Clever HansThere is the famous story about the horse that could do basic math, but was really picking up on the subtle clues of the professor that "thought" him when to stop stomping the hoof. I suspect this was what Paul [The Octopus] was doing also.

However, intuition comes with experience. Intuition can be counted, to help figure out how you "knew" or if it pure personal biases and random.

Marlowe Cassetti comments:

Isn't that what they refer to as self confirmation bias? I know someone who showed me how using Stochastic Oscillator (a BS misnomer) of several time spans one can make great profits trading options. When I point out some glaring exceptions that he conveniently overlooked, he counters that no indicator is perfect. Believing is seeing, but don't quit your day job.





Speak your mind

1 Comment so far

  1. Russell Sears on July 30, 2010 10:51 am

    I do not disagree with Mr. Cassetti that extra rigor must be included when you are “counting” your own intuition.
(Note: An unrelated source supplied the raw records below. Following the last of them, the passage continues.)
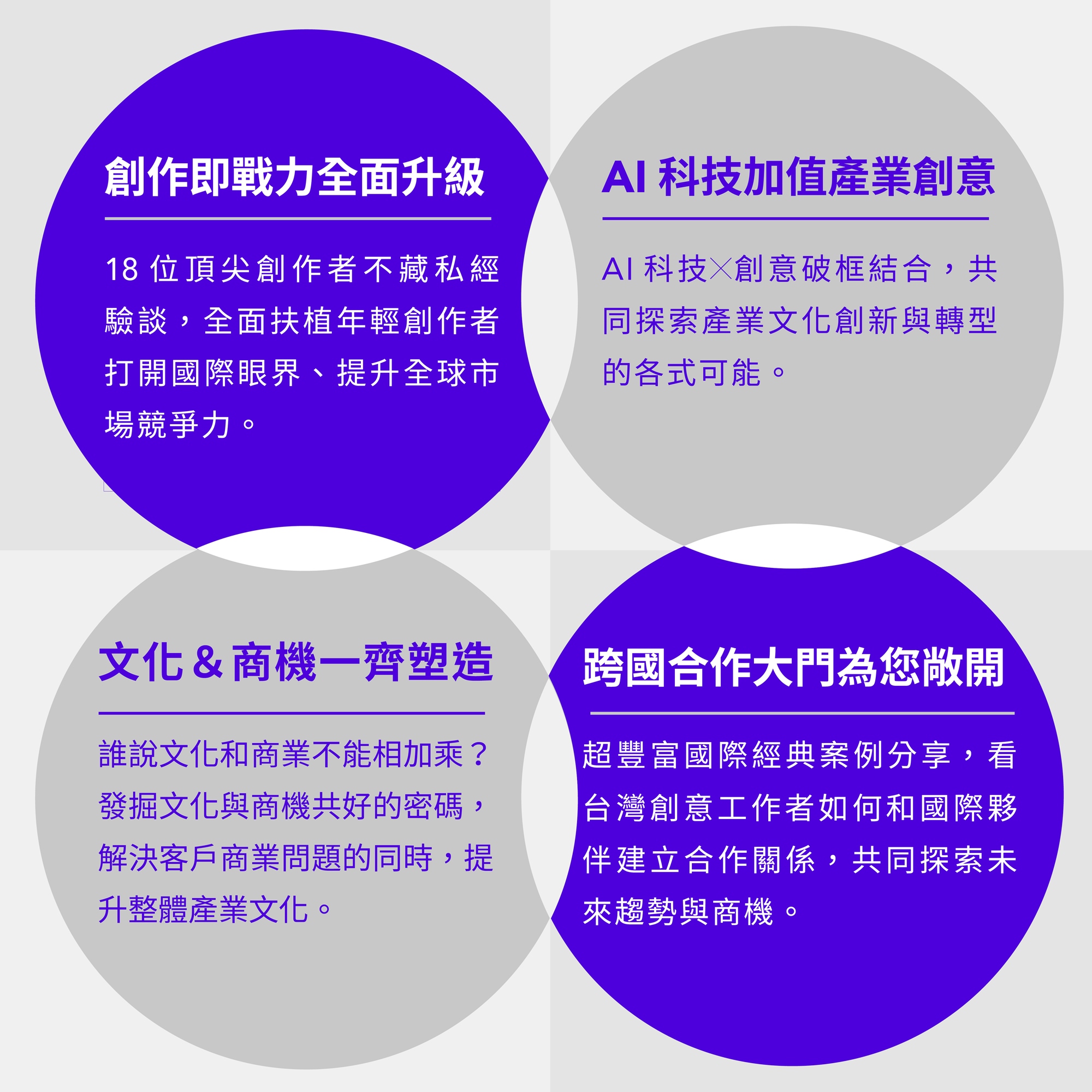 通過舉辦各種包括講座、教育活動、工作坊和培訓課程以及創新比賽等活動和企劃,結合文化藝術與商業合作, 我們希望能夠激發成員們的創造力和創新性,並推動社會與文化的前行,與不同領域的交流和創新。
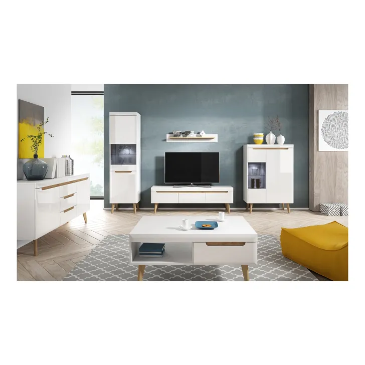 - Biały połysk i dąb artisan to dwa dostępne kolory, które idealnie wpasują się w każdą aranżację wnętrza, niezależnie od tego, czy jest ono modernistyczne, czy tradycyjne.
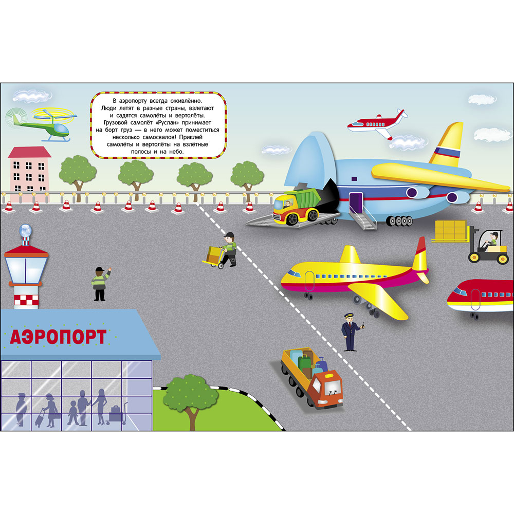 Ваш малыш интересуется разными видами транспорта? Тогда эта книжка специально для него. Поезда и электрички, катера и океанские лайнеры, самолёты и вертолёты, гоночные машины и спецтехника – скорее открывайте и приклеивайте наклейки на странички.

Self coaching and like self diagonis has its own built in biases.
    However, one practice I used with my running was to keep a diary, and write down what you did and why you did things each day. Then after each breakdown, or failed race you can often pick up what you did wrong, after reading the journal.
    Having data on your plan, and comparing it to actual execution and results has helped me find when I tend to be right and when I am wrong. Further, carrying this over to others, has helped me decide who is just getting lucky, versus those that know what they are doing.
    Still a good coach or a good doctor, can often help find your blind spots better with that data than you .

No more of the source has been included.